The pressure is on for start-ups, with so many of us hustling towards dreams of creating the next Glam Corner, TDE or Bumble.
However, research from the data registry and analytics business Illion, revealed that Australian small business and start-up failure rose by 12.7% in 2018, and the rate for new businesses being registered with the Australian Securities and Investments Commission actually decreased by 2.7%.
Yikes. What does this mean for fledgling small business and start-ups amongst us? Like newly hatched turtles scrambling for the sea, are most of our efforts destined to fail?
With the statistics pointing to more failures than successes, if you neglect to address the common factors that failing businesses all seem to share, then the answer is YES.
However – if you recognise the weak points from the beginning and address your unique set of challenges, you have a far greater chance of making it to the finish line.
Keep reading for the 4 major factors that can kill your start-up
#1 – Lack of Financial Control
Ideas and dreams are great, but for your business to succeed, you must manage cash flow. You need to be in control of your expenditure and your income in equal measure.
It’s a simple fact that your business’s income will more than likely be unstable or non-existent for the first few months. So unless you received a generous cash injection from investors or have been very lucky to nail it with early product sales, your cash flow won’t be reliable.
In the early days, it’s highly likely that you may not be able to take a wage from your business, and this is even more true if your cash flow is limited.
However, there are greater implications of poor cash flows that go beyond basic financial worries.

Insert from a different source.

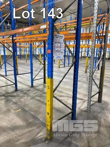 9 BAY PALLET RACKING, DEXION 2 x UPRIGHTS, 4200mm 8 x UPRIGHTS, 5500mm 32 x CROSS BEAMS, 2740mm 4 x CROSS BEAMS, 3820mm 10 x POST GUARDS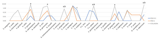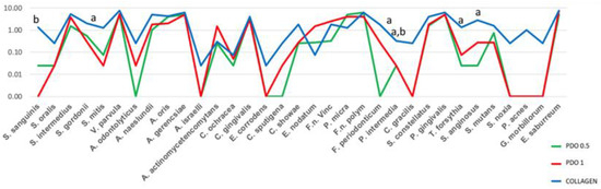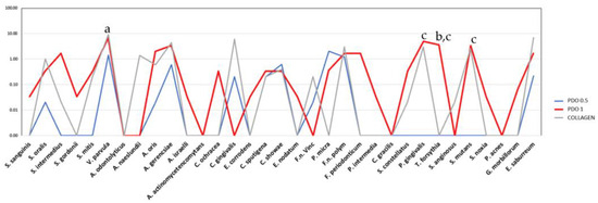 The mean counts of each species formed in the biofilm over the polystyrene pins covered by PDO 0.5, PDO 1.0, and Collagen. The Kruskal–Wallis test and Dunn’s (p ≤ 0.05) test were performed. The letter shows the difference between the membranes as follows: “a” shows the difference between PDO 0.5 and collagen; “b” between PDO 1.0 and collagen, and “c” between PDO 0.5 and PDO 1.0.

For example, you risk not being able to roll out new products, set up marketing activations, nor pay employees and suppliers. These issues outweigh your need for a wage, and you must prioritise paying others before yourself.
As the founder, it’s your responsibility to honour any money that you owe, and occasionally you may need to take out a short term loan to get through any dry patches. Companies such as Hock Your Ride provide short term cash solutions that will help preserve your reputation and keep your business out of trouble.

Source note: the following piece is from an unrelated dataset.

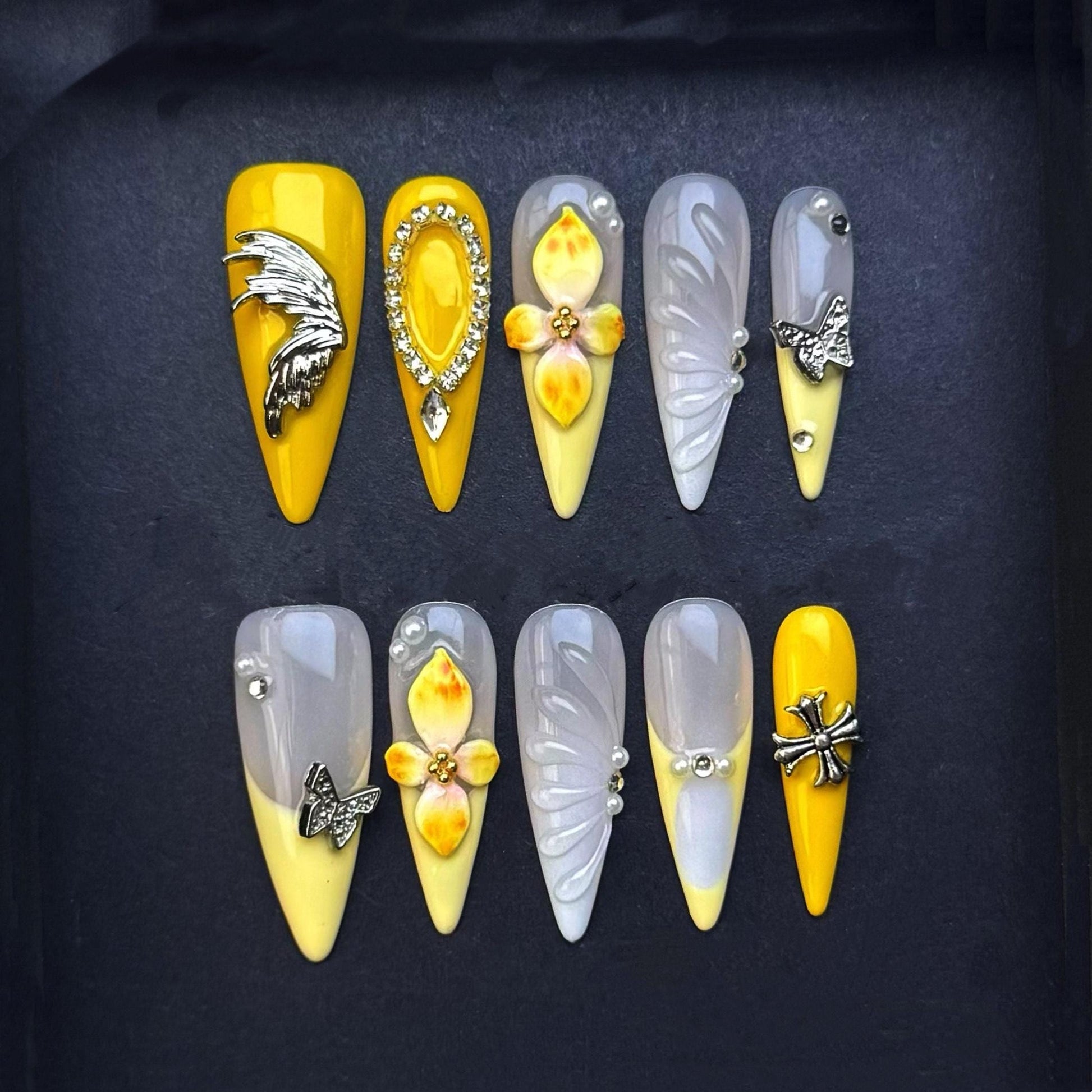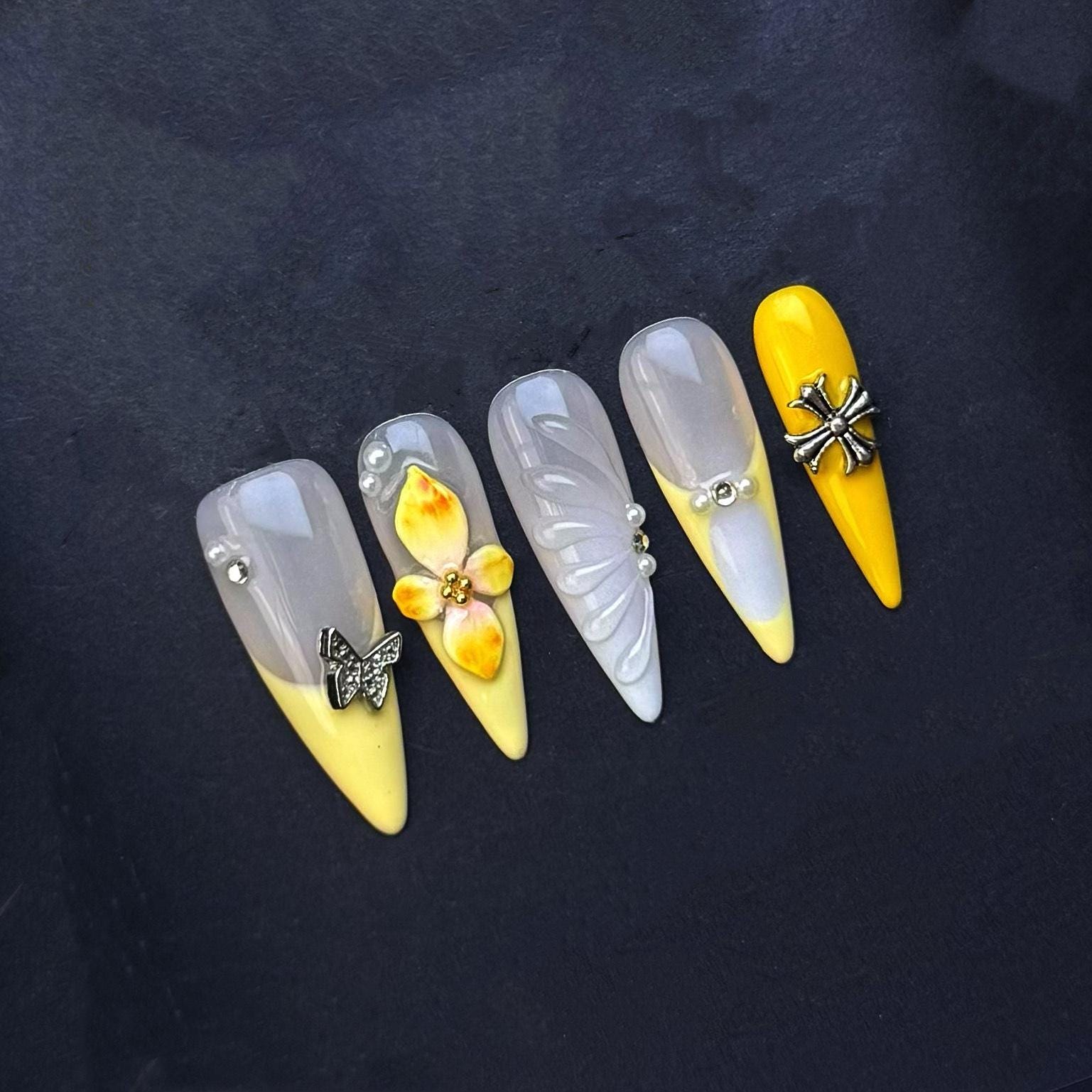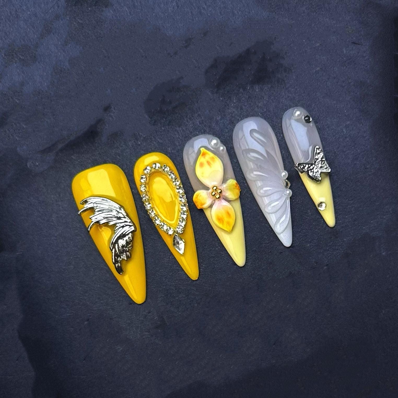 This stunning press on nail set features a radiant mix of yellow and grey tones with elegant 3D flowers delicate crystal embellishments and metallic charms Each nail is handcrafted with sculpted accents and shimmering details perfect for a bold and elegant look that stands out

#2 – Neglecting to Market Your Business
In the early days, you’ll have a passion and drive to tell everyone you meet about your new baby (the business). Enthusiastic friends and family will help spread the word and share your social media posts, which will generate a few leads. And then, nothing. You’ll stagnate.
Now is not the time to sit back and just hope and wait. In the early start-up stages you need to be highly active in the marketing and sales of your business, investing time and money to really push the name out there. Waiting for the effects of organic search to bring web traffic and sales won’t be enough to bring in the money.

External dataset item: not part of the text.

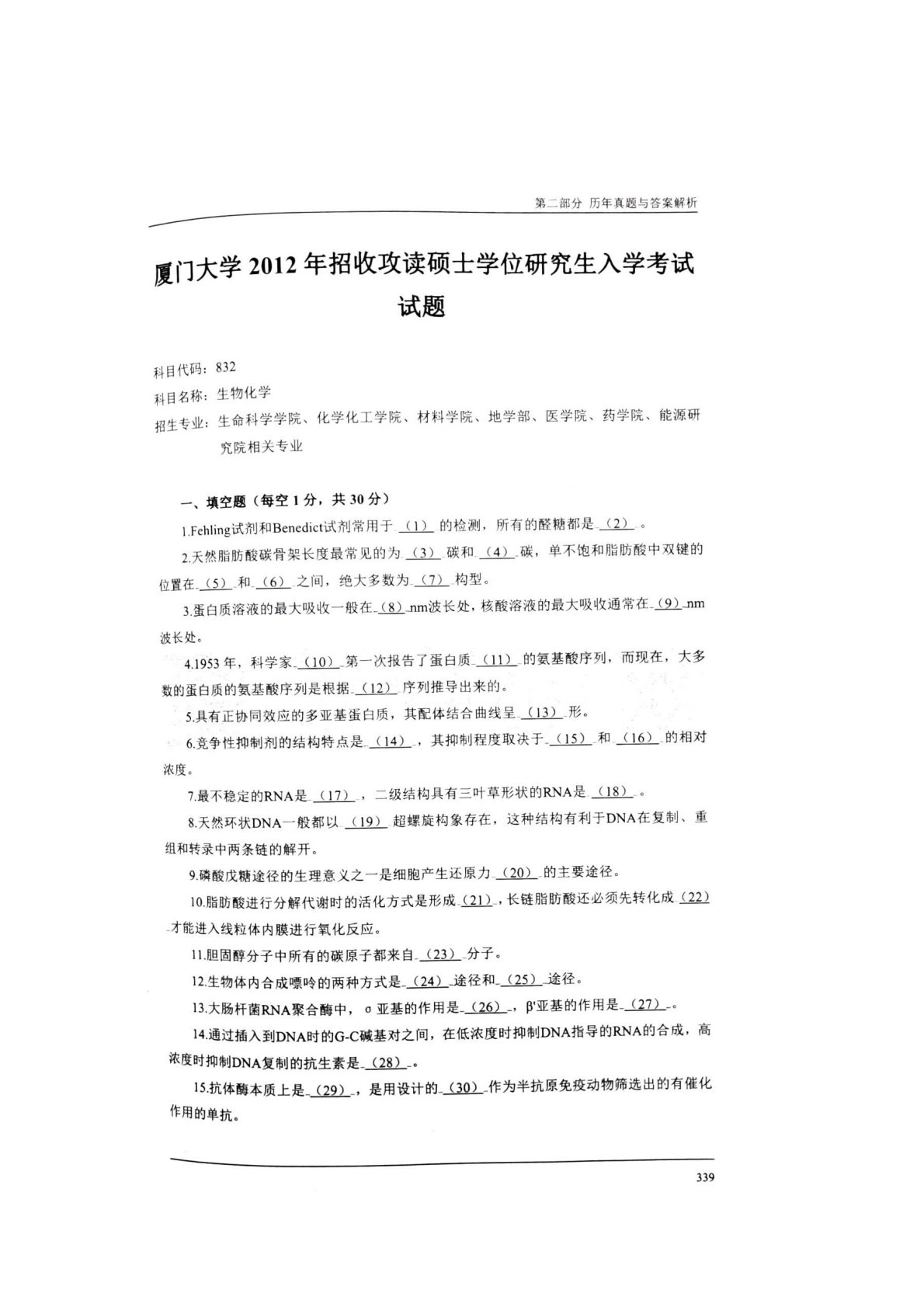 厦门大学338生物化学2012年真题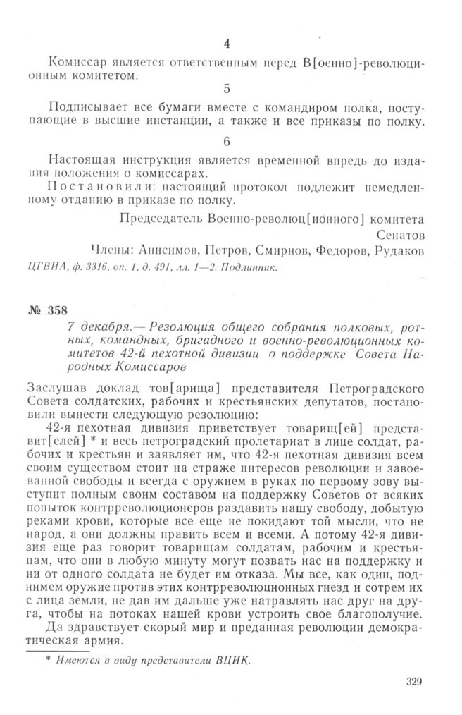 Резолюция общего собрания полковых, ротных, командных, бригадного и военно-революционных комитетов 42-й пехотной дивизии о поддержке Совета Народных Комиссаров. 7 декабря 1917 г. // ЦГАОР СССР, ф. 1235, оп. 77, д. 2, л. 66. Подлинник.

Trial and test which platforms are working for your business, and remember to keep a close tab on any trends and changes. You have access to some great marketing metrics, so it’s crazy not to use them to your business’s advantage.
#3 – Inconsistent Planning
Pre-launch, you will have made some major decisions to get your business off the ground, and spent what seems like an eternity developing a business plan to map out the steps to help you reach your goals.
It’s common for start-up founders to get tired of the planning stage after a while, instead preferring to “wing it” if/when any hurdles arise. While this play-it-by ear approach feels more exciting, it’s also much more risky. It’s a better idea to map out several contingency plans BEFORE launching to carry the burden should anything not work out the way you envisaged.
Being under-prepared or over-optimistic means you might be caught out if any obstacles get in your way. Instead, pay as much attention to small details as you do the large ones – they are the foundation of your business success.
#4 – Lack of advisory
No matter how experienced you think you are, it’s always wise to seek a mentor to give you guidance and objectivity as you progress along your journey. A mentor will be invaluable in providing advice about how to overcome the various challenges.
Don’t think that seeking a mentor means that you aren’t ready to be successful; on the contrary, a mentor will help you to develop your skills and help you to avoid making critical errors that impact the longevity of your venture.